Позднее метрдотель сказал Гвидо-Джорджо, что его покоробили манеры Джека, он назвал его каким-то «деревенщиной не то из Торонто, не то из Нью-Гэмпшира»; ну да Джек и сам решил, что работа официанта не для него. Во всяком случае, в стейк-хаусе, где даже обслуга нос задирает выше головы, Джек согласился парковать автомобили клиентов – машину-то он водил неплохо.
Не то чтобы Эмма считала такую работу ниже его достоинства, но у нее были идеологические возражения.
– Нет, конфетка моя, ты никак не можешь парковать машины. Эта работа для нелегальных иммигрантов, ты их грабишь – это недопустимо, ведь английский твой родной язык.
Но Гвидо-Джорджо вздохнул с облегчением – он не хотел, чтобы Джек стал его коллегой, ему и так было сложно мириться с тем, что Джек живет с Эммой в одной квартире. Она ему много раз говорила, что между ними ничего нет, но без толку. Джек никак не мог понять, в чем проблема Гвидо, ведь парень легко выжимает центнер с лишним, разве может такой мужчина дрожать при виде конкурентов?
Джек недолго работал на парковке; его уволили в первую же смену – он даже не успел припарковать свой первый автомобиль.
Ему попалась серебристая «ауди» с кожаными сиденьями; ключи Джеку отдал молодой мужчина надменного вида. По дороге он явно ссорился со своей столь же молодой и столь же надменной женой, – вернее, Джек думал, что она его подружка, но поменял мнение, не проехав и полквартала, а все потому, что у него за спиной, на заднем сиденье, вдруг возникла маленькая девочка. Он четко увидел в зеркале заднего вида ее залитое слезами лицо. Года четыре, максимум пять, сидит непристегнутая и не в детском сиденье. Судя по всему, в тот вечер ей полагалось спать прямо там – она была в пижаме, прижимала к груди одеяло и плюшевого мишку, подушка лежала на подлокотнике задней двери; детское сиденье валялось на полу.

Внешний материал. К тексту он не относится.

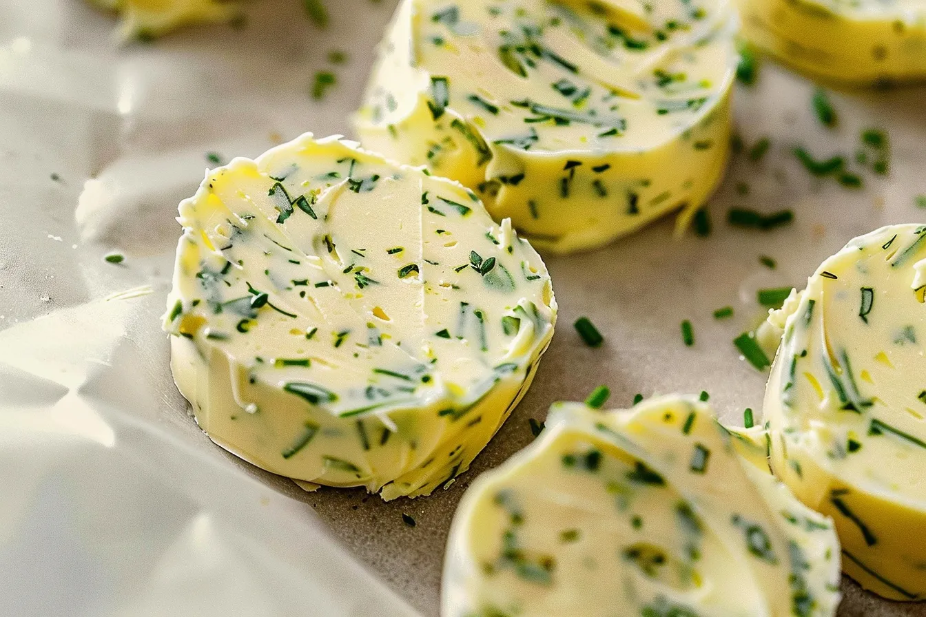 - In a bowl, combine the softened butter and finely chopped fresh herbs.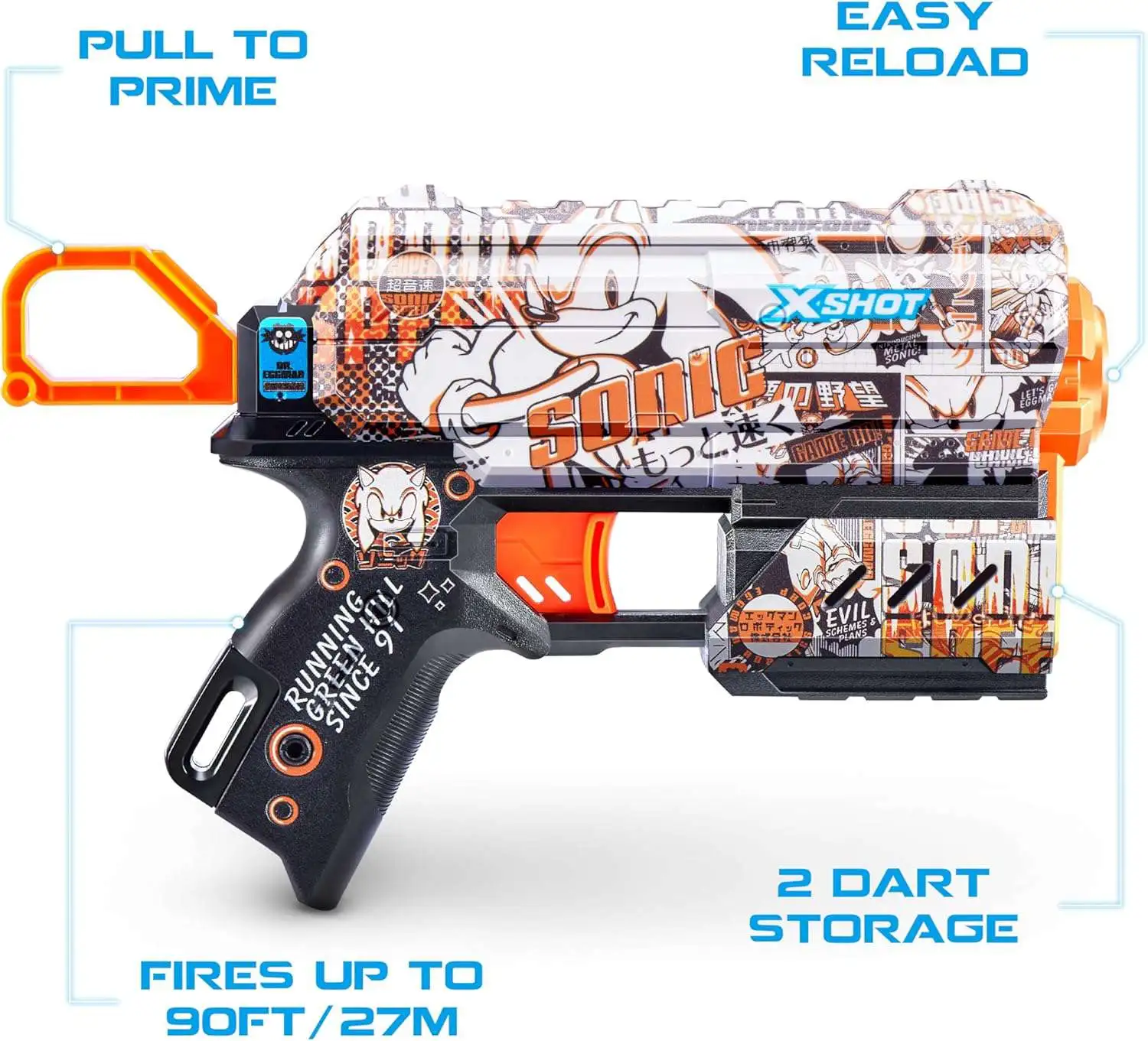 - Choose your Skin: Join the battle with the pop culture icon Sonic the Hedgehog, Tails, and Knuckles with the X-Shot Sonic Skin.

– Парковка в гараже или под открытым небом? – спросила девочка у Джека, высморкавшись в пижамный рукав.
– Ты не можешь спать в машине, – сказал Джек.
Он остановил «ауди» и включил аварийную сигнализацию; девчонка его до смерти напугала, у него жутко колотилось сердце.
– Я плохо себя веду в ресторанах для взрослых, мне туда нельзя, – объяснила девочка.
Джек не знал, что делать. Может, эта парочка ругалась как раз по этому поводу – оставлять дочь в машине или нет. Нет, пожалуй, не по этому – у девчонки был такой вид, словно ее не первый раз отвозят в машине на парковку.
– Мне гаражи больше нравятся, – сказала она, – а скоро стемнеет.
Джек проехал вниз по Мэйн-стрит до Уиндворд, там у входа в суши-бар стояла очередь, какие-то шумные ребята орали друг на друга; он запрыгнул на бордюр у дома и, не выключая двигателя, стал звонить Эмме в дверь, а затем вернулся в машину, ни на секунду не сводя с ребенка глаз.
– Мы здесь паркуемся?
– Нет, милая, одну я тебя не оставлю, даже не надейся.
Эмма открыла дверь и вышла на тротуар, на ней была только футболка из спортзала, больше ничего; вид у нее был жутко сердитый, видимо, Джек отвлек ее от работы.
– Отличная тачка, молодец, добытчик, а ребенок что, в нагрузку?
Джек объяснил, в чем дело, девочка смотрела на них – наверное, никогда не видела женщину вроде Эммы в одной футболке.
– А ведь я тебе говорила, не надо тебе машины парковать, – сказала Эмма. – А из меня нянька сам знаешь какая.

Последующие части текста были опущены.